= Your assignment =
Starting with the line below that holds "아침에 먹고 남은 소시지가" and stopping after the line that holds "This enchanting mauve", transcribe the lines exactly, leaving out all pictures.

= Data for this task =
● ● ● ●
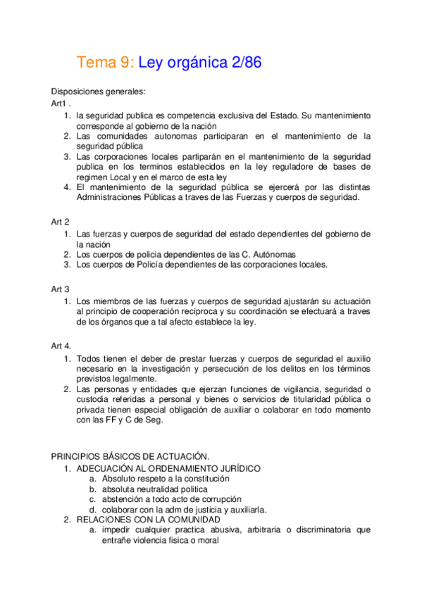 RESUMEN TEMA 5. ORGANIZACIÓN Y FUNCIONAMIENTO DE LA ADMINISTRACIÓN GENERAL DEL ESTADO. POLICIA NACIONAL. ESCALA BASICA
● ● ● ●
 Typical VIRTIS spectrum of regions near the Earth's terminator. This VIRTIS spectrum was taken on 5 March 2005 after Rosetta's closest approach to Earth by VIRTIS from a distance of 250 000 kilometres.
● ● ● ●
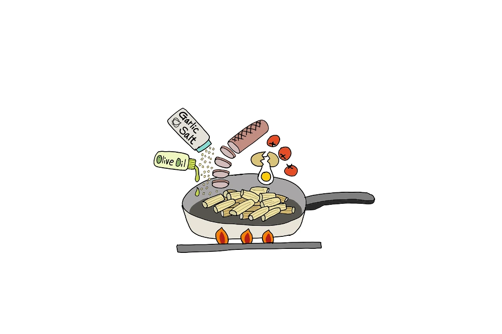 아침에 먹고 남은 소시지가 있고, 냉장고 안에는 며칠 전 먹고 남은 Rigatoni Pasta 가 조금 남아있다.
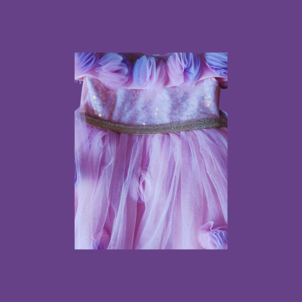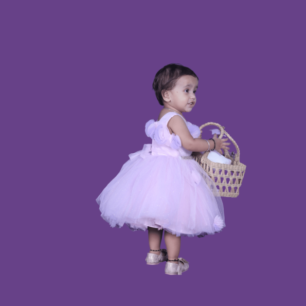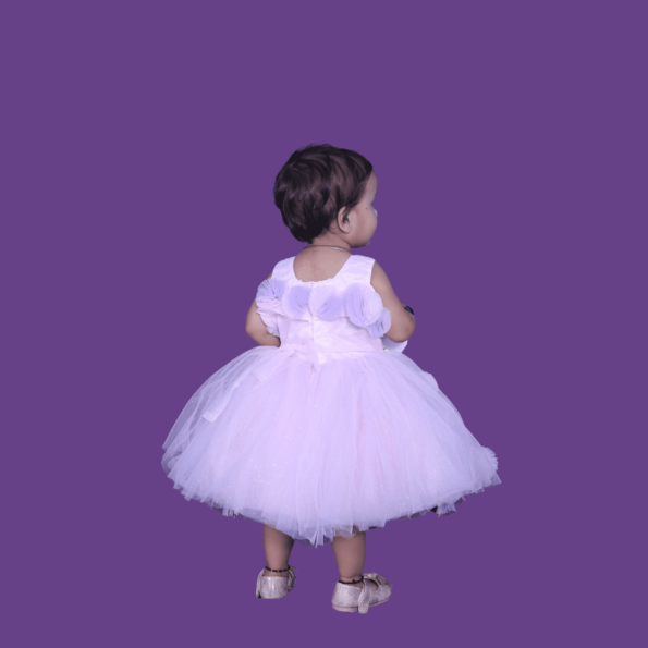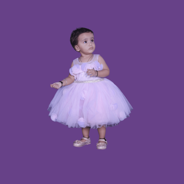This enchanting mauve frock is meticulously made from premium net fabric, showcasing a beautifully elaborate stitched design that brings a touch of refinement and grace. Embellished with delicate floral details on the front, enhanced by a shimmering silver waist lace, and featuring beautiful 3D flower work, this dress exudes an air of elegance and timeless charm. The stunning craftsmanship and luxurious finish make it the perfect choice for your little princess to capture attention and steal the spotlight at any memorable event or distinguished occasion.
● ● ● ●
= Exercise output =
 아침에 먹고 남은 소시지가 있고, 냉장고 안에는 며칠 전 먹고 남은 Rigatoni Pasta 가 조금 남아있다.
This enchanting mauve frock is meticulously made from premium net fabric, showcasing a beautifully elaborate stitched design that brings a touch of refinement and grace. Embellished with delicate floral details on the front, enhanced by a shimmering silver waist lace, and featuring beautiful 3D flower work, this dress exudes an air of elegance and timeless charm. The stunning craftsmanship and luxurious finish make it the perfect choice for your little princess to capture attention and steal the spotlight at any memorable event or distinguished occasion.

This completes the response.